Responding to news that the UK government plans to roll out Covid vaccine boosters for the over-50s and clinically vulnerable, Steve Cockburn, Head of Economic and Social Justice at Amnesty International, said

“As the UK prepares to provide booster jabs to higher risk adults, it is also critical that the UK dramatically scales up its support to billions of people around the world who have not yet received a single dose. 
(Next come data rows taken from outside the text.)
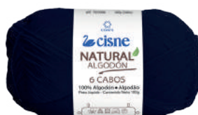
00152 AZUL MARINHO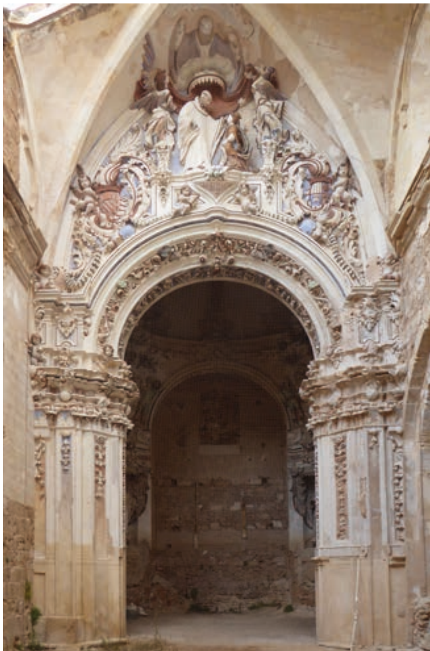
Fig. 18. Capilla de San Bernardo. Matías Ibáñez, h. 1700. Iglesia del monasterio.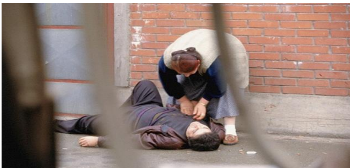
Obrázek 42. První den genocidy, 31 března 1992. Bijeljina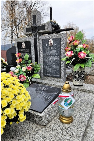
Karpacki Oddział Straży Granicznej pamięta o tych, którzy odeszli

Cmentarz komunalny w Nowym Sączu - grób śp. ppłk Mariana Serafiniuka - ostatniego dowódcy 1 Pułku Strzelców Podhalańskich.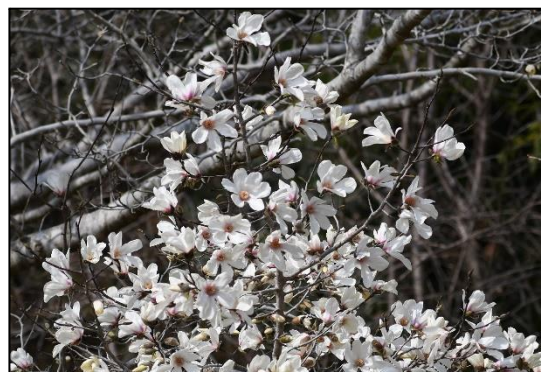
コブシ (モクレン科)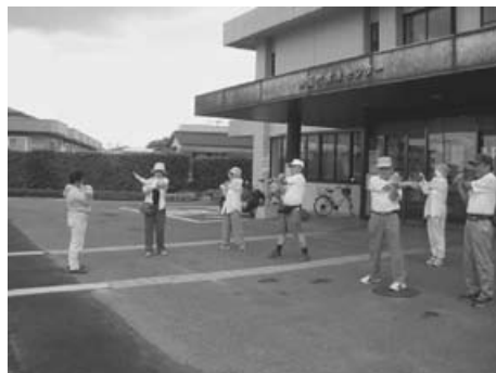
▲出発前の準備体操の風景 毎回20名程度の参加があります。

普段運動不足を感じている方、健康診断で肥満や高血圧などの指摘を受けた方、ウォーキングを始めてみませんか。にこにこペースで歩くことは健康づくりの第1歩です。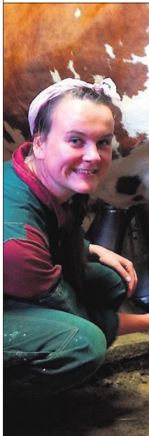
er sier, er det ingen grunn til å tro at

av januar, foreslår å kutte jordbruksutslipp med 5,1 millioner tonn. Den slår blant annet fast at redusert kjøttinntak og kjøttproduksjon kan føre til store ut-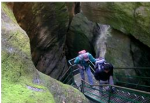
Gli Orridi di Uriezzo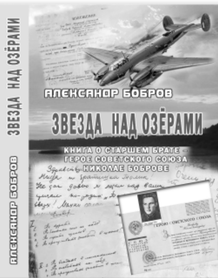
Обложка книги А. Боброва «Звезда над озёрами»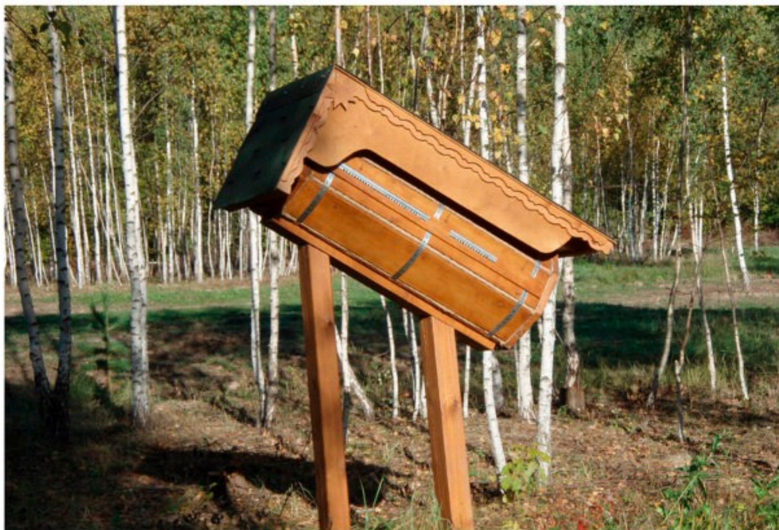
一名俄羅斯讀者建造的蜂巢。參考第 12 章。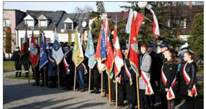
Poczty sztandarowe powiatowych instytucji

radziejowski. W swoim przemówieniu podkreślił, że po raz kolejny spotykamy się na uroczystości poświęconej Ojczyźnie i Wolności. – 11 listopada to symbol miłości Ojczyzny, walki o wolność, symbol wiary i symbol zwycięstwa. Przed chwilą odśpiewaliśmy hymn państwowy, z dumą kadeci jednej ze szkół wciągnęli flagę państwową na maszt. Oddając szacunek symbolom narodowym, oddajemy go wszystkim Polakom, którzy odeszli i tym, którzy żyją obecnie (...). Przywołał też słowa poety: – Czym jest wolność? ... wie ten... kto ją stracił./ Ten, kto przeżył niewolę i śmierć widział braci. Wolność – zwykle krzyżami się mierzy/ Bohater narodowy Polski walczył o wolność naszą ... i waszą, moją... i twoją.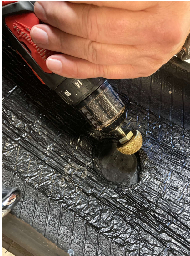
Innerlineren raspes ren.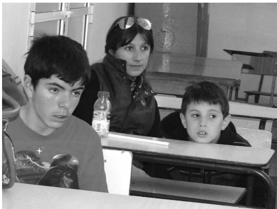
Pasaje de los talleres llevados a cabo los pasados viernes y sábado.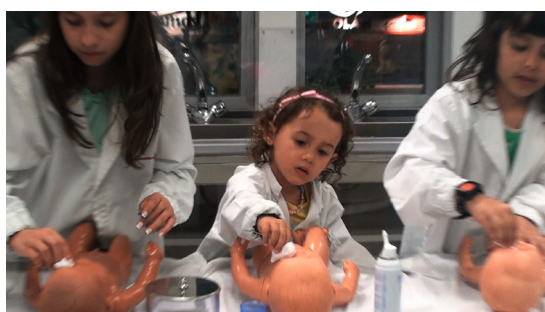
Priscila Fernandes For a Better World [Pour un monde meilleur], 2012

Vidéo projection, 16:9, couleur, son, 8 mn 19 sec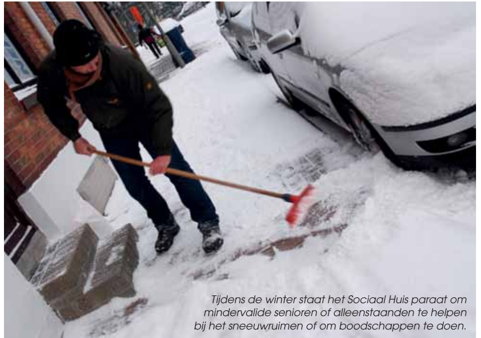
Tijdens de winter staat het Sociaal Huis paraat om mindervalide senioren of alleenstaanden te helpen bij het sneeuwruimen of om boodschappen te doen.

Kent u mensen in uw buurt die hulp nodig hebben of wenst u zich in te zetten als vrijwilliger, contacteer Natasha Dewaele, T 058 53 43 10, natasha.dewaele@sociaalhuis-koksijde.be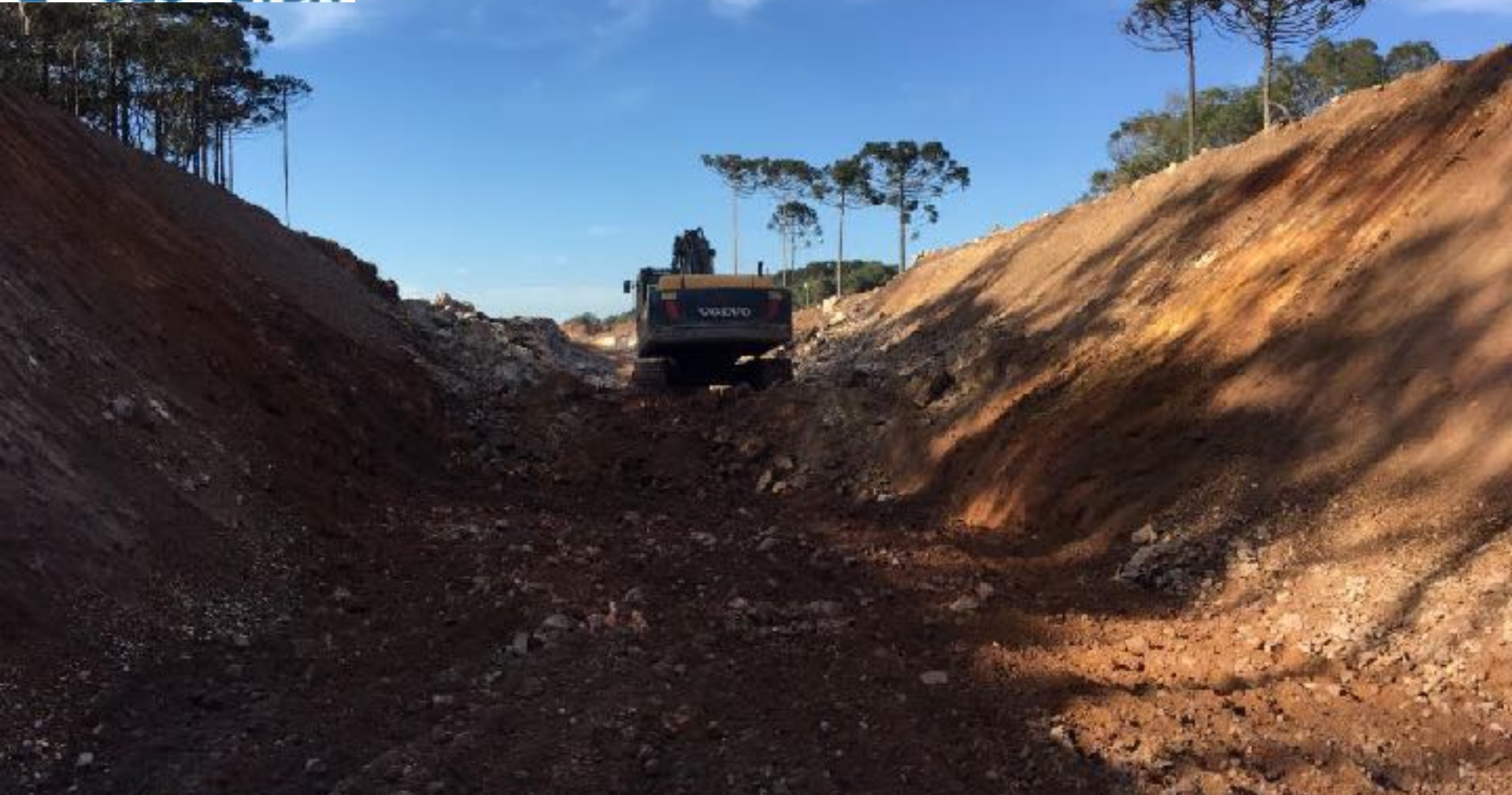
CANAL ADUTOR VISTA DAS ESCAVAÇÕES DA FASE 2 ENTRE ESTACAS 0 A 10

“The UK is currently sitting on tens of millions of surplus vaccines that could be redistributed around the world, without impacting its domestic programme, and it is unconscionable to keep hoarding these vaccines while tens of thousands of people are dying every week.

“Quite apart from it making a mockery of vaccine equality, vaccine nationalism in richer countries is slowing the planet from overcoming the pandemic - allowing more time for variants to mutate and spread in lower and higher income countries alike.

“Boris and his government must yet again be reminded that nobody is safe until everyone is safe.”

World’s poor left unprotected

While around 42% of the world population has received at least one dose of a Covid vaccine, fewer than 2% of these are in low-income countries, according to Our World in Data. If current trends continue, it will take the world’s poorest countries until 2078 to vaccinate their populations. Meanwhile rich countries are expected to finish vaccinating their populations by January next year. Countries such as the UK, which ordered enough doses to vaccinate its whole population three times over, must urgently do their part to resolve global vaccine inequality

Patent waivers

Of the G7 nations, only the USA has explicitly supported waiving patents for vaccines. Japan has said it will not oppose the move if it is agreed internationally, while the UK and Germany have vehemently opposed the plan. Canada, Italy and France have made no clear policy statements on the issue.

Vaccine developers have received more than 70 billion pounds in public funding, yet not a single vaccine developer has agreed to participate in the WHO’s Covid-19 Technology Access Pool (C-TAP), set up more than a year ago to facilitate the sharing of life-saving intellectual property and technology. Major pharmaceutical firms - including Moderna and Pfizer - are meanwhile making huge profits, and nine new vaccine billionaires have been created since the beginning of the pandemic.